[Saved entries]
□ □ □ □ □

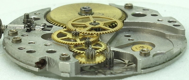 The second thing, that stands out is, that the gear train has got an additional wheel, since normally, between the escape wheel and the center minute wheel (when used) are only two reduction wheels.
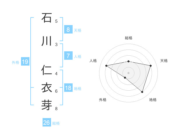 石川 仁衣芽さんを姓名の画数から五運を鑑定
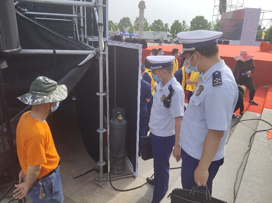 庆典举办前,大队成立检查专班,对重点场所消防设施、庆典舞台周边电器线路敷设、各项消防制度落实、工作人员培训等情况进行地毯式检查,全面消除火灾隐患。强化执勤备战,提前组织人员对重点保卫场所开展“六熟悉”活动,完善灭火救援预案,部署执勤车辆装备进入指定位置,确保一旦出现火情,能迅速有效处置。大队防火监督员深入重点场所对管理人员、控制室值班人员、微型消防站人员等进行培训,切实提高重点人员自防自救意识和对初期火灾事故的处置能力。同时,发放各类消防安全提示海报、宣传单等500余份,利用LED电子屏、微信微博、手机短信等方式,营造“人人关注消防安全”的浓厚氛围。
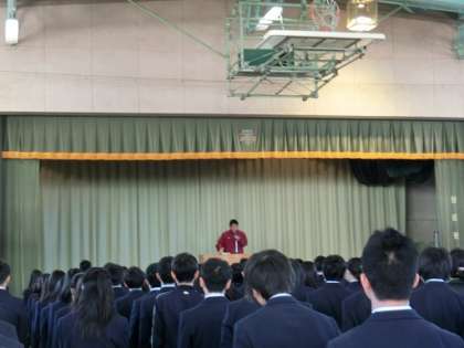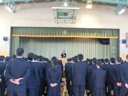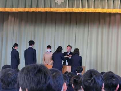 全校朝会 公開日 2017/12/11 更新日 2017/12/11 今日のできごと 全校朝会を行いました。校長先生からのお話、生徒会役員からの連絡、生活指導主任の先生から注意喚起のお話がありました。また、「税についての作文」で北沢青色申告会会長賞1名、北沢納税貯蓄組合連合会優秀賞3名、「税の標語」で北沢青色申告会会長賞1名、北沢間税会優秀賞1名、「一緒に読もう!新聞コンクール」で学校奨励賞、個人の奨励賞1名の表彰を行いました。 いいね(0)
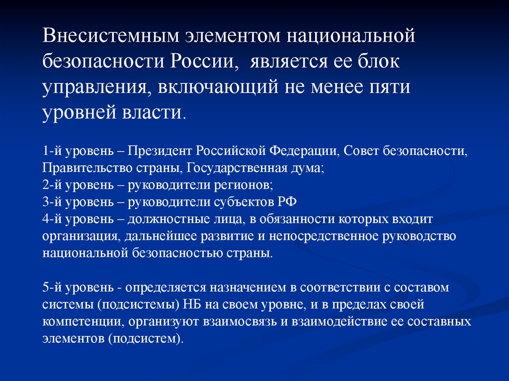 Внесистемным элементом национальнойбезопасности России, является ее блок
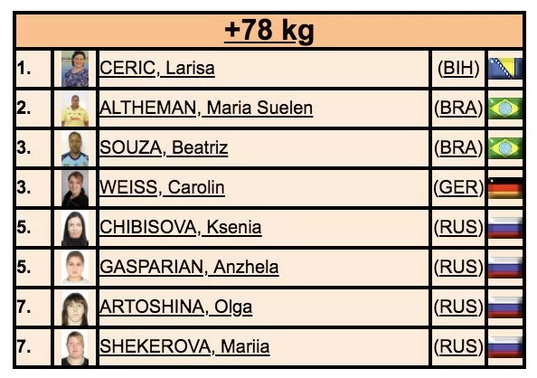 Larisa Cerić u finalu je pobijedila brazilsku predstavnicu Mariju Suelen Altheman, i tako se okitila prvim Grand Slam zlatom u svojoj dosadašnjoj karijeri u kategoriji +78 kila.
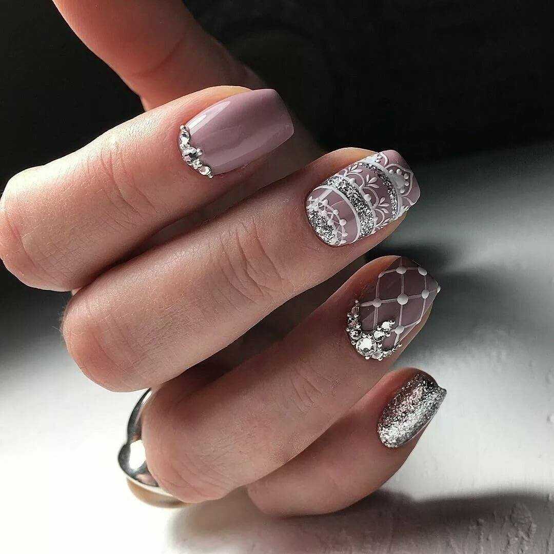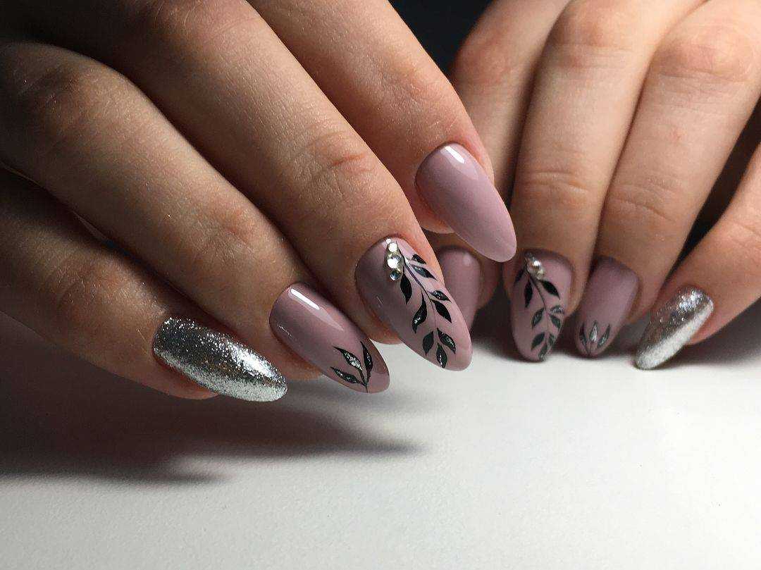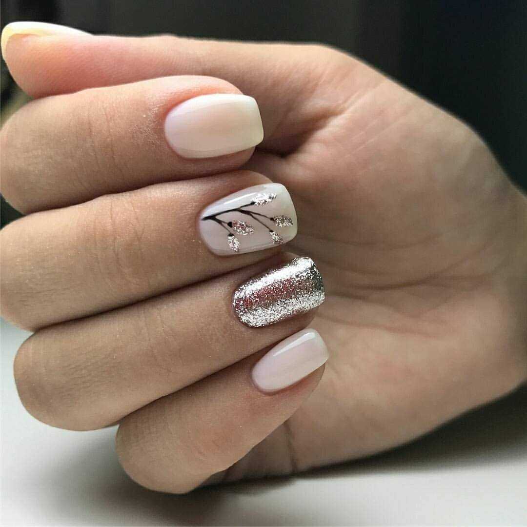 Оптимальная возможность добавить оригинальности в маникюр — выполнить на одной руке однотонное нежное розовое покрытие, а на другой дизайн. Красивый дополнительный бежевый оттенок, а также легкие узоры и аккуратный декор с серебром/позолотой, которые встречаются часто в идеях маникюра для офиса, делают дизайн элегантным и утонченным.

□ □ □ □ □

An exact copy of all entries is needed, with no pictures in it.

**Exercise response**
 The second thing, that stands out is, that the gear train has got an additional wheel, since normally, between the escape wheel and the center minute wheel (when used) are only two reduction wheels.
 石川 仁衣芽さんを姓名の画数から五運を鑑定
 庆典举办前,大队成立检查专班,对重点场所消防设施、庆典舞台周边电器线路敷设、各项消防制度落实、工作人员培训等情况进行地毯式检查,全面消除火灾隐患。强化执勤备战,提前组织人员对重点保卫场所开展“六熟悉”活动,完善灭火救援预案,部署执勤车辆装备进入指定位置,确保一旦出现火情,能迅速有效处置。大队防火监督员深入重点场所对管理人员、控制室值班人员、微型消防站人员等进行培训,切实提高重点人员自防自救意识和对初期火灾事故的处置能力。同时,发放各类消防安全提示海报、宣传单等500余份,利用LED电子屏、微信微博、手机短信等方式,营造“人人关注消防安全”的浓厚氛围。
 全校朝会 公開日 2017/12/11 更新日 2017/12/11 今日のできごと 全校朝会を行いました。校長先生からのお話、生徒会役員からの連絡、生活指導主任の先生から注意喚起のお話がありました。また、「税についての作文」で北沢青色申告会会長賞1名、北沢納税貯蓄組合連合会優秀賞3名、「税の標語」で北沢青色申告会会長賞1名、北沢間税会優秀賞1名、「一緒に読もう!新聞コンクール」で学校奨励賞、個人の奨励賞1名の表彰を行いました。 いいね(0)
 Внесистемным элементом национальнойбезопасности России, является ее блок
 Larisa Cerić u finalu je pobijedila brazilsku predstavnicu Mariju Suelen Altheman, i tako se okitila prvim Grand Slam zlatom u svojoj dosadašnjoj karijeri u kategoriji +78 kila.
 Оптимальная возможность добавить оригинальности в маникюр — выполнить на одной руке однотонное нежное розовое покрытие, а на другой дизайн. Красивый дополнительный бежевый оттенок, а также легкие узоры и аккуратный декор с серебром/позолотой, которые встречаются часто в идеях маникюра для офиса, делают дизайн элегантным и утонченным.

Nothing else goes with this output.